Question 9.3: For the data in Table 9.1, compute MSTr, MSE, and F . Find t...
For the data in Table 9.1, compute MSTr, MSE, and F . Find the P-value for testing the null hypothesis that all the means are equal. What do you conclude?
| TABLE 9.1 Brine II hardness of welds using four different fluxes | |||||||
| Flux | Sample Values | Sample Mean | Sample Standard Deviation |
||||
| A | 250 | 264 | 256 | 260 | 239 | 253.8 | 9.7570 |
| B | 263 | 254 | 267 | 265 | 267 | 263.2 | 5.4037 |
| C | 257 | 279 | 269 | 273 | 277 | 271.0 | 8.7178 |
| D | 253 | 258 | 262 | 264 | 273 | 262.0 | 7.4498 |
From Example 9.2, SSTr = 743.4 and SSE= 1023.6. We have I = 4 samples and N = 20 observations in all the samples taken together. Using Equation (9.13),
\operatorname{MSTr}=\frac{SSTr}{I-1}\quad MSE=\frac{SSE}{N-I} (9.13)

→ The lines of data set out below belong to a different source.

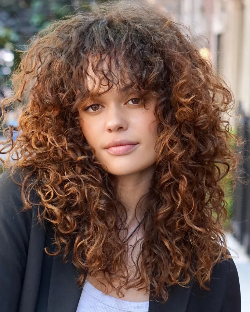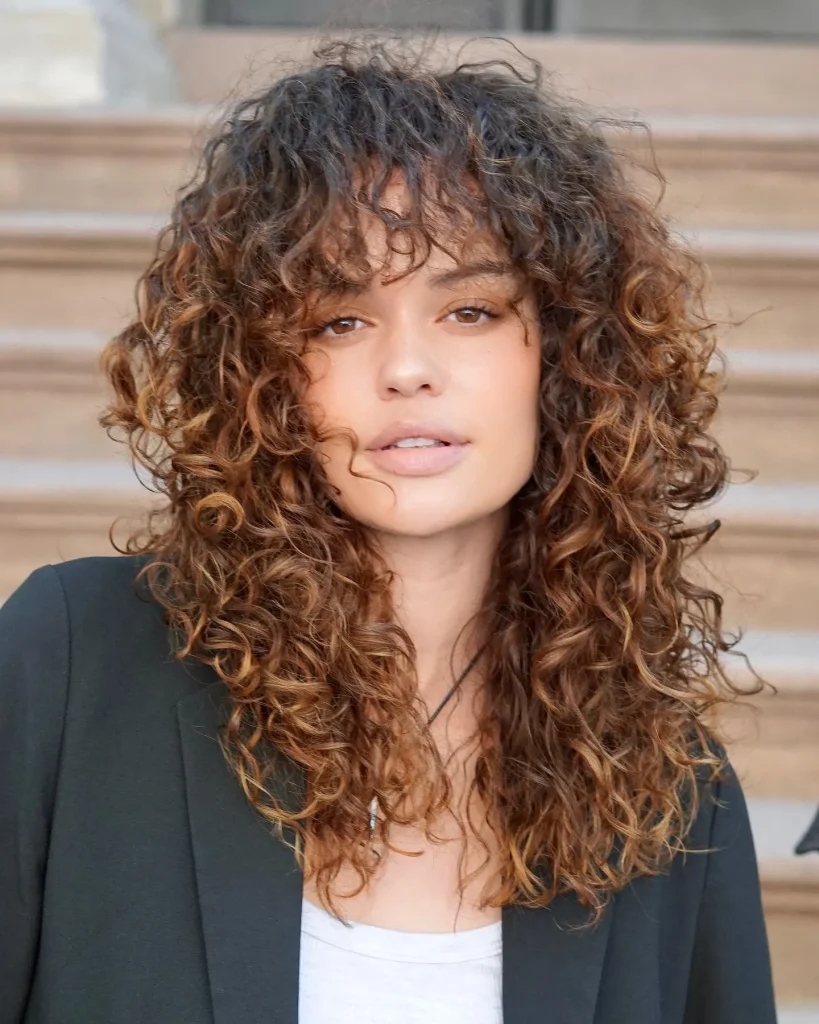 Curly bangs add a youthful and trendy twist to your curly hairstyle. Whether you pair them with a bob, lob, or long curls, this look gives a fresh, modern appeal.
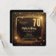Dramatic black and faux gold tone sparkles and stars glitzy "70" 70th birthday party design.
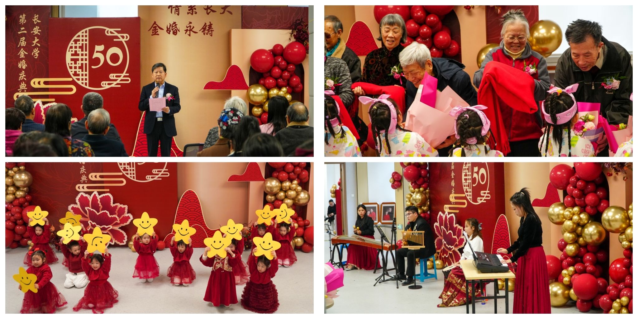 为弘扬中华民族传统美德,倡导和谐婚姻家庭观念,表达学校对老同志的温馨关怀,10月22日,“情系长大 金婚永铸”长安大学第二届金婚庆典在南校区师生活动中心一楼多功能室举行,副校长黎开谊出席活动并致辞,离退休工作处班子成员、翠华幼儿园园长王珩、17对金婚夫妇、老同志代表、幼儿园老师和小朋友代表参加活动。活动由离退休工作处处长薛庆文主持。
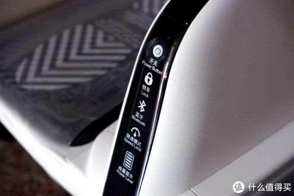 电源开关位于平衡车前部,轻按即可开机。开关下方的显示面板可以看到锁车指示、蓝牙指示、限速模式和电量等信息。
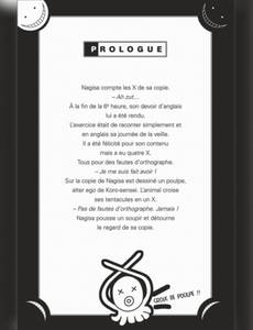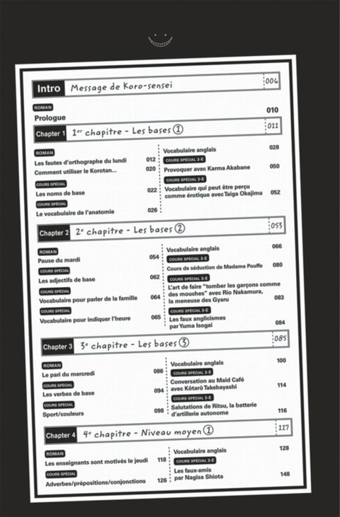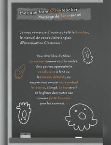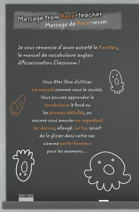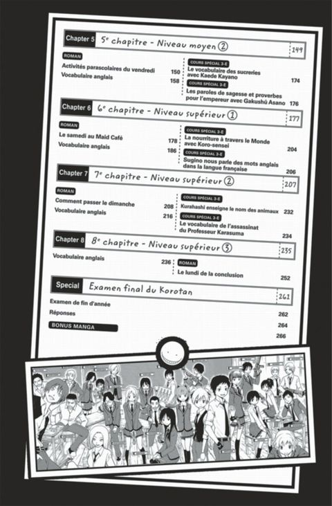 Un manuel de vocabulaire anglais pour les débutants agrémenté d'illustrations tirées du manga. Avec une histoire inédite mettant en scène un cours d'anglais intensif suivi par la classe E.
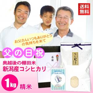 父の日 プレゼント お米 1kg 新潟産コシヒカリ 白米 精米 メッセージカード付き 棚田米 新潟米 産地直送 人気 おしゃれ お祝い 父 送料無料

\operatorname{MSTr}=\frac{743.4}{4-1}=247.8\quad MSE=\frac{1023.6}{20-4}=63.975
The value of the test statistic F is therefore
F=\frac{247.8}{63.975}=3.8734
To find the P-value, we consult the F table (Table A.6). The degrees of freedom are 4 – 1 = 3 for the numerator and 20- 4 = 16 for the denominator. Under H_0 , F has an F3.16 distribution. Looking at the F table under 3 and 16 degrees of freedom, we find that the upper 5% point is 3.24 and the upper 1% point is 5.29. Therefore the P-value is between 0.01 and 0.05 (see Figure 9.3; a computer software package gives a value of 0.029 accurate to two significant digits). It is reasonable to conclude that the population means are not all equal and thus that flux composition does affect hardness.